All that is needed is the lines from the one containing "Porte-manteau debout Tree" through the end of the listing, printed exactly, with no pictures among them.
====== SUPPLIED INFORMATION
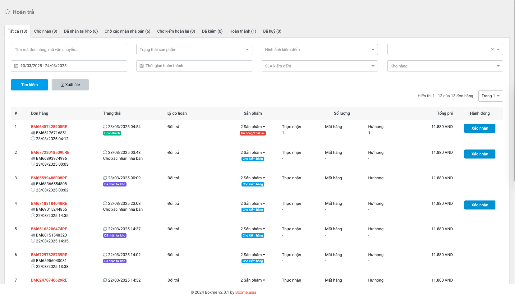 After quality checking (QC) if any product in the return order is found to be problematic (damaged, counterfeit, lost or missing product), the order will be transferred to the status Waiting for seller confirmation .
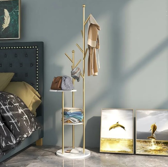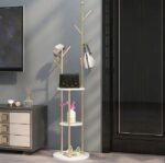 Porte-manteau debout Tree pour entrée avec étagères en or
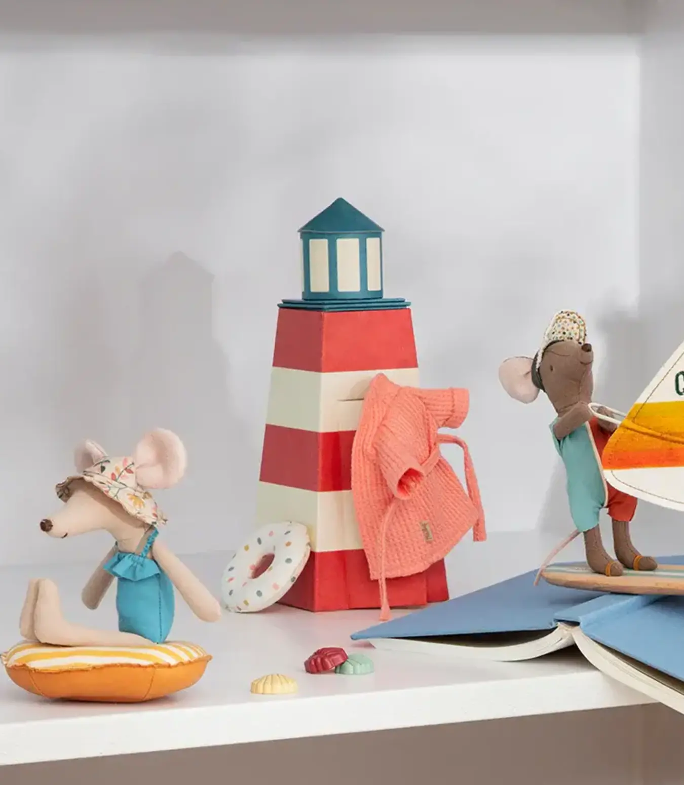 Our bathrobe is the perfect size for mum and dad size mice. The super soft fabric is perfect to get comfy on the beach, or for bed!
============
EXPECTED OUTPUT:
 Porte-manteau debout Tree pour entrée avec étagères en or
 Our bathrobe is the perfect size for mum and dad size mice. The super soft fabric is perfect to get comfy on the beach, or for bed!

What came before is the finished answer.